Re: what would you like to do with this timestamp?, see below

I am working on a serial reaction time task where we want the next target to be presented some consistent interval after the previous target is responded to.

Although having a consistent interval does not seem possible because the reaction time can happen in between screen refreshes, we would like to know the interval from a response to the onset of the next target presentation, and that interval will be important in our analysis. Computing that interval requires knowing approx the exact time of screen flips.

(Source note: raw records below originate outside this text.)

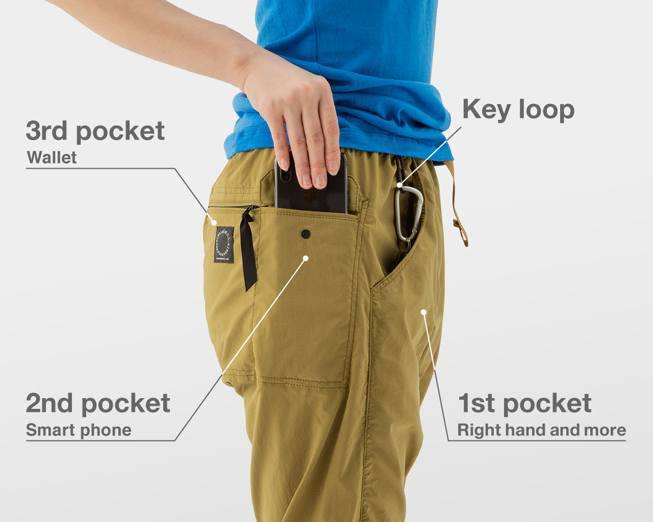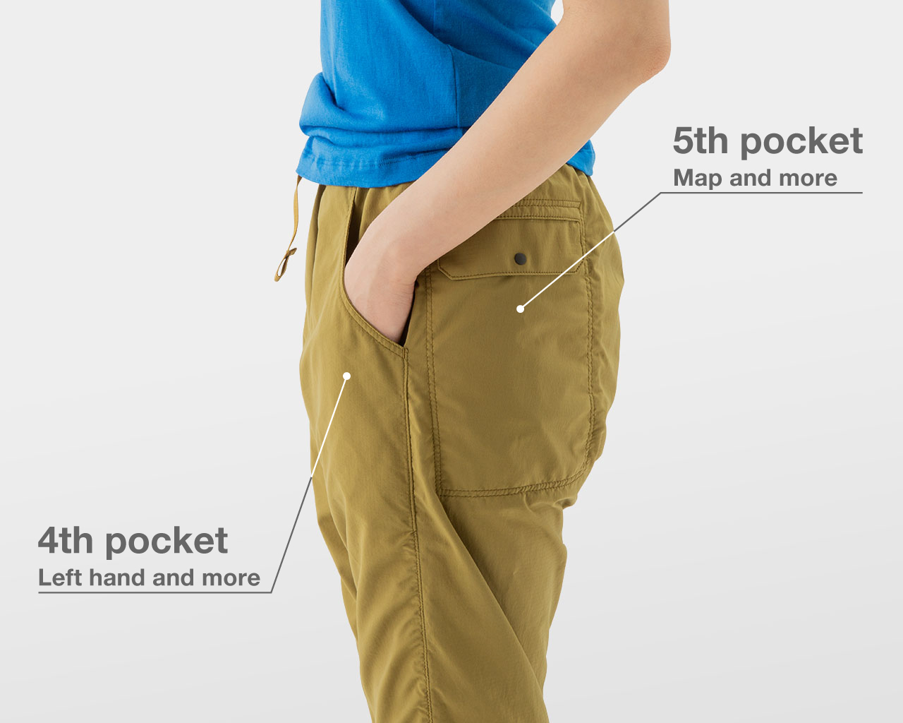 山と道オリジナルデザインの5つのポケットが、ハイキング中に必要な荷物を足の動きを邪魔することなく効率的に収納します。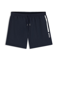 DETAILS With an adjustable drawcord for comfort, these BOSS Menswear swim shorts feature foil-printed branding for a distinctive look. Naturally quick-drying. Straight-cut leg. Elastic waistband Drawstring Pockets bottom front: Side pockets Pockets bottom back: Flap pocket Medium length OLE - 50484440 QUALITY & CARE INSTRUCTIONS Do Not Tumble Dry Do Not Dry Clean Do Not Iron Quality: 100% Polyamid, Lining: 100% Polyester Do Not Bleach Machine Wash Cold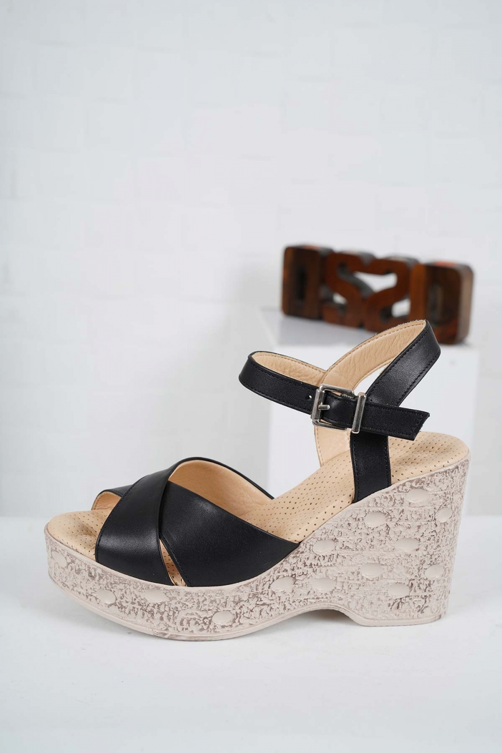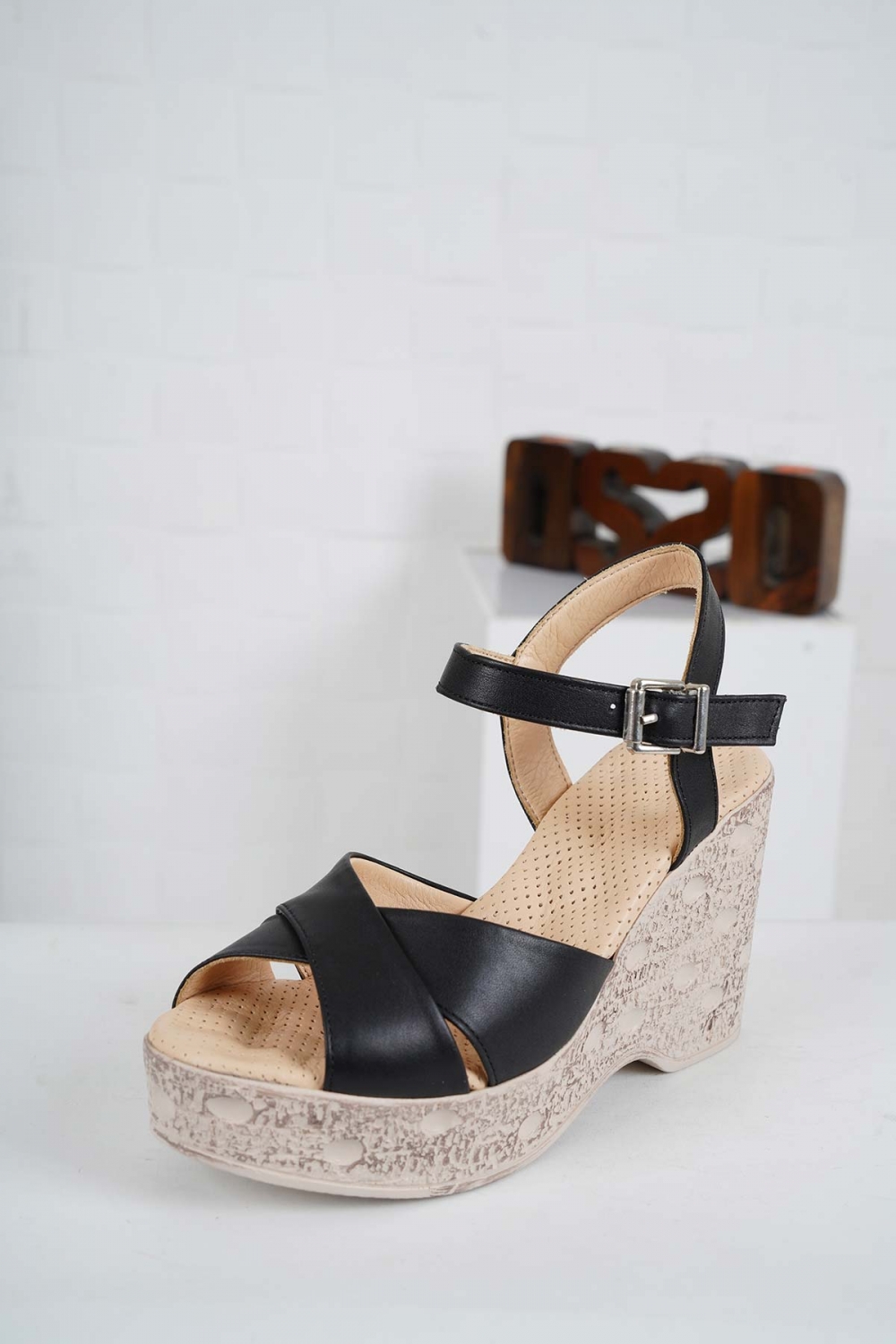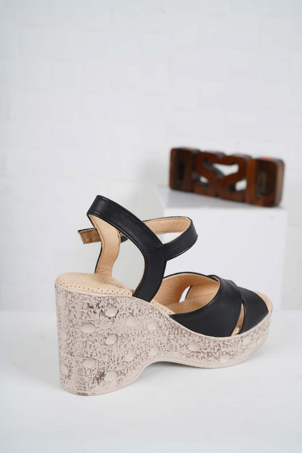 Hakiki Deri Siyah Kadın Dolgu Topuk Sandalet 241136501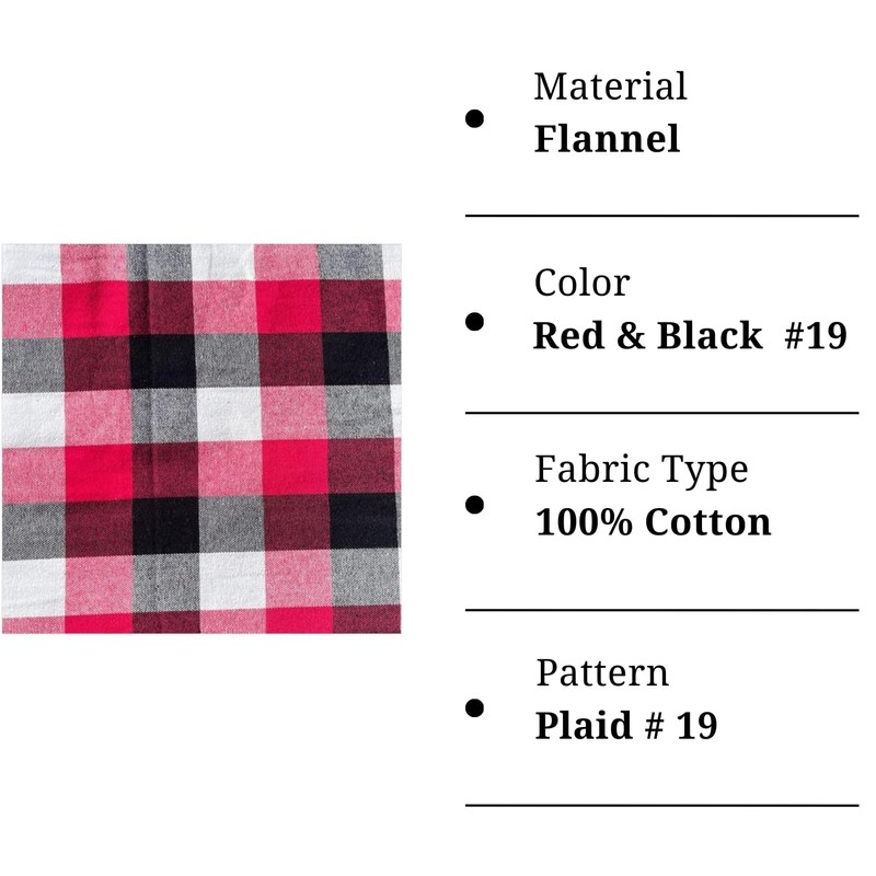 Flannel Fabric by The Yard | 60" inches Wide Flannel Fabric | 100% Cotton Flannel Fabric for Baby Blanket, PJ, Shirt, Cloth Flannel Craft Fabric - Red & Black 19 Flannel Fabric - 1 Yard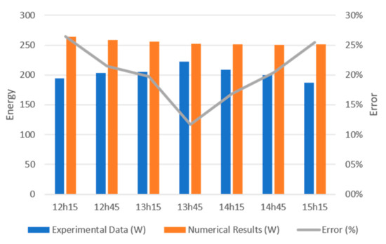 The error between numerical and experimental data does not exceed 13.6%. Except for the test made at 10:45 AM. At this time, error achieves the value of 38.0% and 42.7% in the simulation of a conventional PVT and in that of a PVT + TEG panel, respectively. The mass flow of the working fluid at this time is 0.39 g/s. This value is low. Additionally, it is observed in both Figure 4 and Figure 5 that the increment in the error at 15:15 a.m. At this time, low flow is not the source of error. Analyzing experimental data from both hybrid panels, it can be concluded that the flow is on a transient scenario because impulsion pump goes into operation few minutes before the capture of data. The finding suggests that the elaborated model has limited application with low mass flow experiments and transient situations. Besides, the electrical production of cells embedded on the PVT panels has been validated. The comparison between experimental results and numerical results is shown in Figure 6. In some of the studied moments, the error between real and simulated data is not negligible as it can be observed; its source is related to the incident solar radiation and the ambient temperature. A correction in the calculation has been applied to reduce this error and achieve coherent results in further analysis. The correction factor applied in each range of solar radiation can be seen in Table 5. Electric production of PVT panels calculated with these corrections has a maximum error value of 10% concerning experimental results.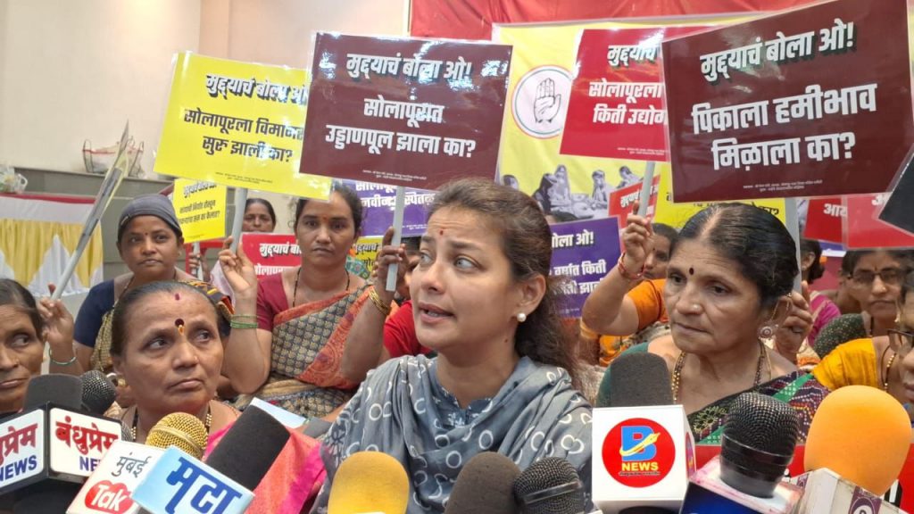 प्रणिती पुढे म्हणाल्या, सोलापूर शहराला ८ दिवसाआड पाणीपुरवठा होत आहे. पाण्याचे नियोजन नाही. युवकांना रोजगार मिळत नाहीये. महागाई प्रचंड वाढली आहे. याचा सर्वाधिक त्रास हा महिलांना होत आहे. असे अनेक गंभीर प्रश्न असताना भाजप धार्मिक जातीजातीत तेढ निर्माण करण्याचा प्रयत्न करत आहे. तुम्ही कामाचं बोला, तुम्ही विकासाच्या मुद्याचे बोला, असेही प्रणिती म्हणाल्या.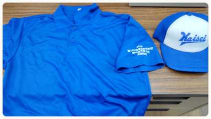 当日はお揃いのポロシャツ、帽子をつけて、楽器をふきます。
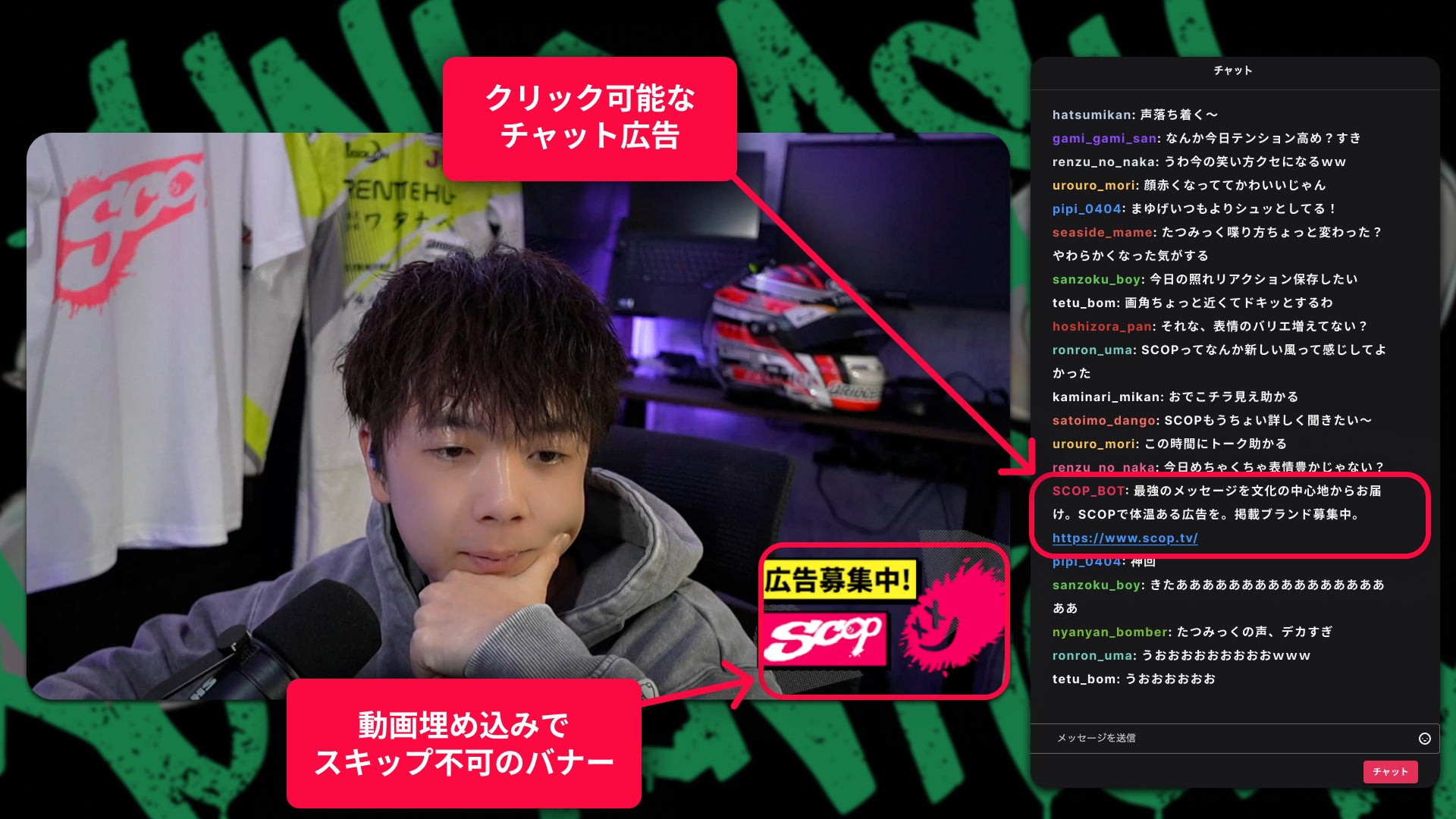 SCOPは、ストリーマーが能動的にブランドを応援しファンマーケティングを行う新しいマーケティングソリューションです。

Thanks! For the accuracy of this interval (from response N to stimulus N + 1) there are two factors in play:

  1. The delay between the moment you request stimulus N + 1 to be presented and when it’s actually presented (the flip). This tends to be about 10 ms, but in worst-case scenarios it can be up to 50 ms (though this is uncommon)…
  2. How accurate the RT is measured. In this accuracy you can distinguish a couple of parameters, such as a mean lag variation between measurements. Both parameters tend to vary between devices (operating systems and web-browsers).

There are a couple of peer-reviewed papers on this, with the standard PsychoPy paper being
“The Timing Mega Study”. This paper offers some summary measures of the factors above.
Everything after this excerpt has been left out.